Toby is working on a significant project: the Logan Hospital Expansion (LEX), a new 7-storey building with new operating theatres and a public realm connecting to existing buildings on site.

“Utilizing an integrated Building Information Modelling (BIM) system, all the disciplines can coordinate across the life of the project and beyond. This is especially useful for maintaining design efficiency and allowing the client at handover to access valuable data for maintenance purposes,” he explained.

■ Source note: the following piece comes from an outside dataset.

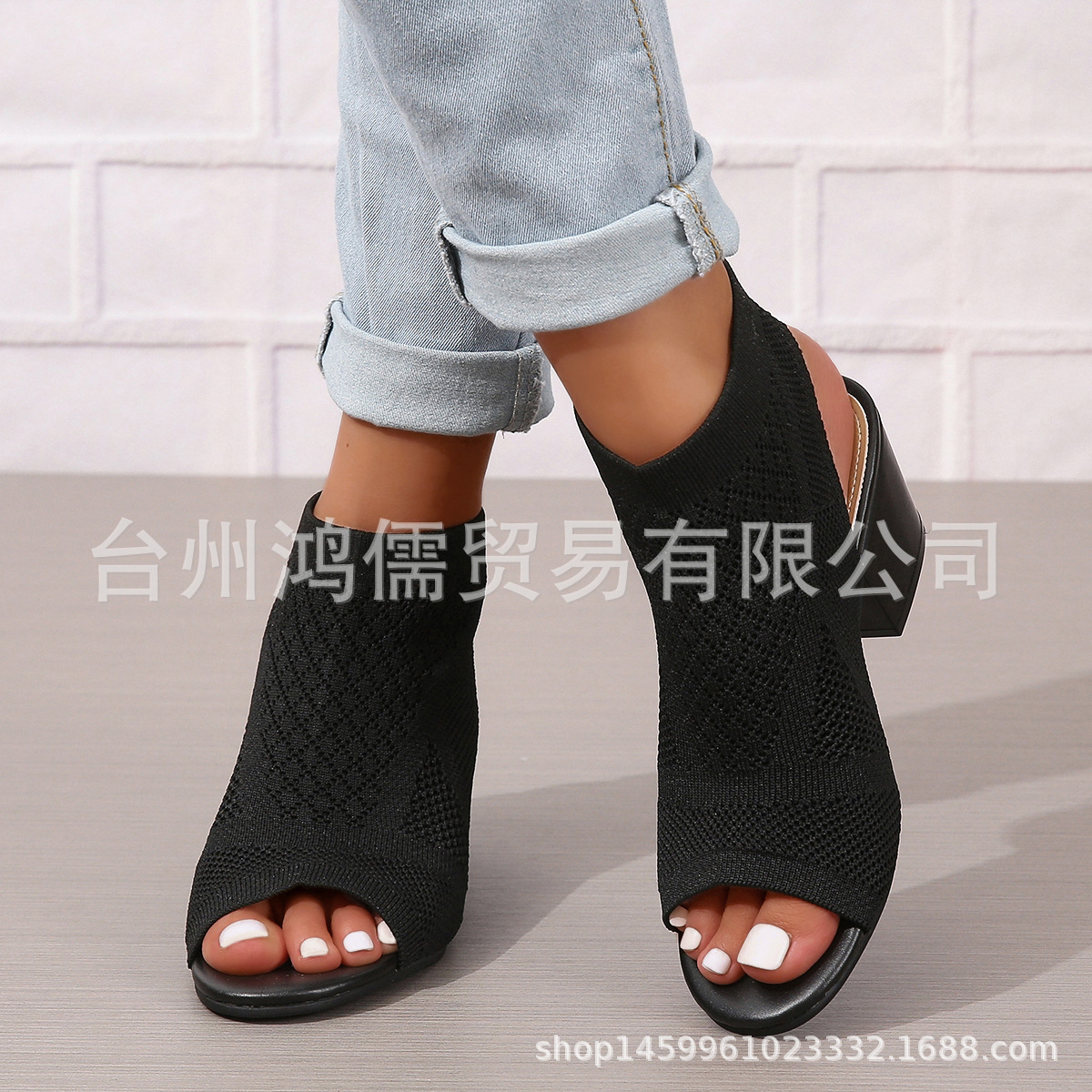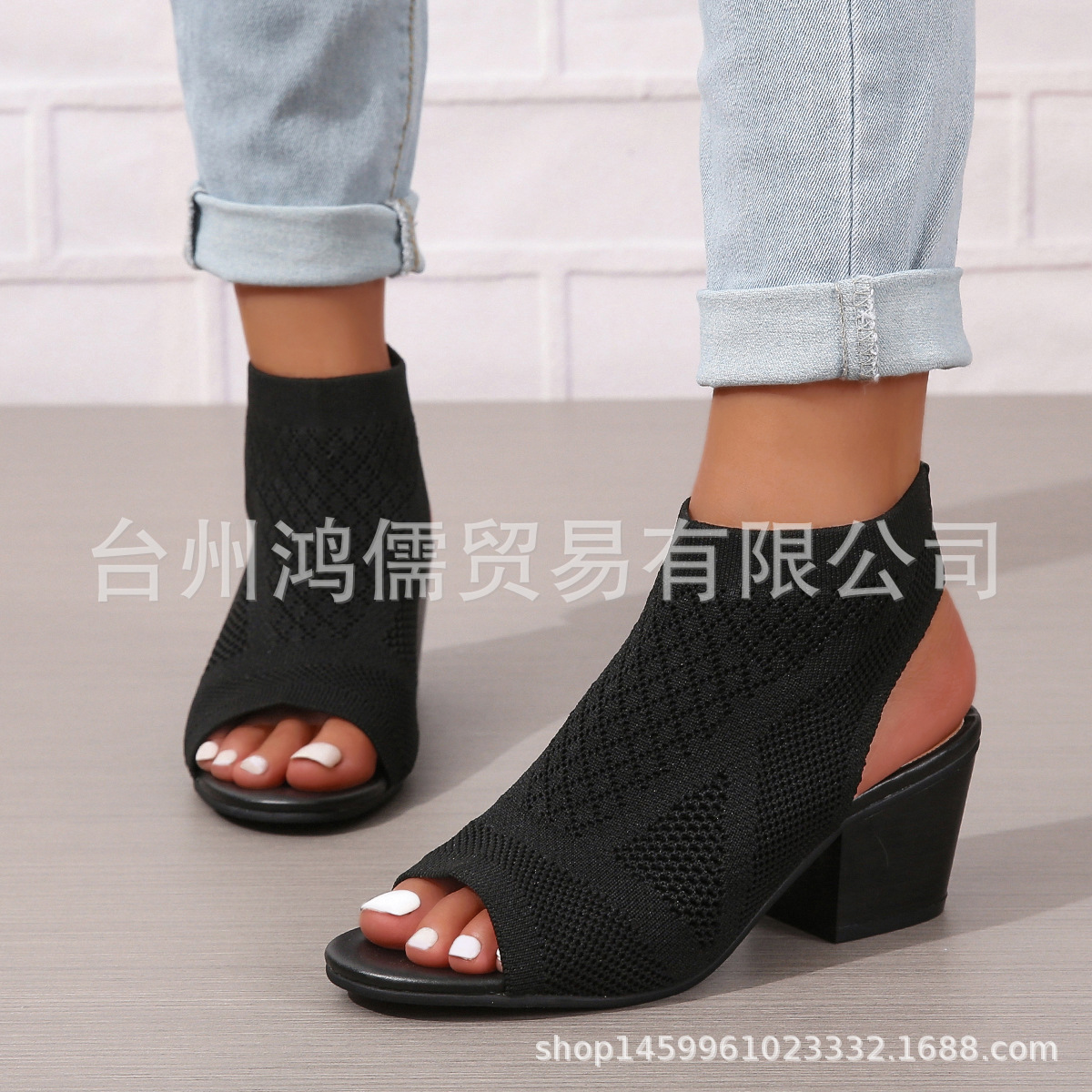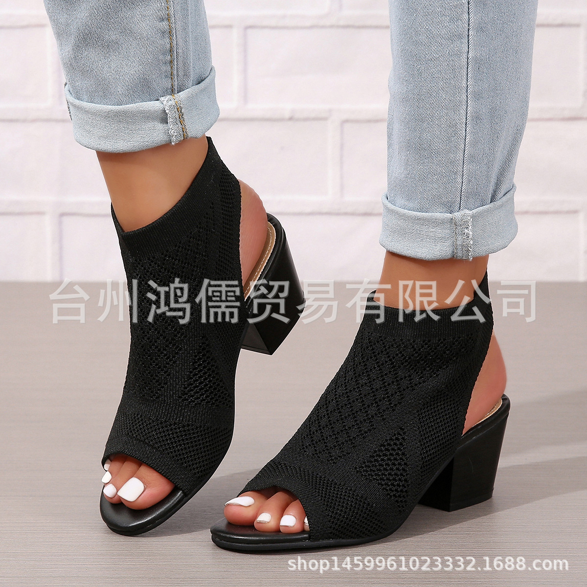 재고 새로운 유럽과 미국의 패션 플러스 사이즈 청키 한 뒤꿈치 여성 샌들 대외 무역 여성 슬립 온 하이힐 샌들

The leap in skills required from fabricating balustrades, barricades, architectural handrails and safety fittings as a boilermaker to helping design a hospital is not lost on Toby, to which he credits his TAFE Queensland training.

“I started in fabrication and welding, and Once I had completed my Cert III in Engineering Technical, I began steel detailing workshop drawings for myself and other boilermakers to fabricate. Once I had completed my boilermaking apprenticeship, I moved into structural drafting to pursue a path in structural engineering.”

“Two years ago, I had very little hope of becoming an engineer, but thanks to the successful progression I'm experiencing in my classes, I'm very confident I’ll be a fully-fledged engineer bringing my designs to life here in Brisbane.”

“I’ve developed a way of thinking that leans into how to solve problems with engineering solutions, and engineering is 100% problem-solving. I'm more than confident that I'll be able to tackle my new career successfully,” concluded Toby.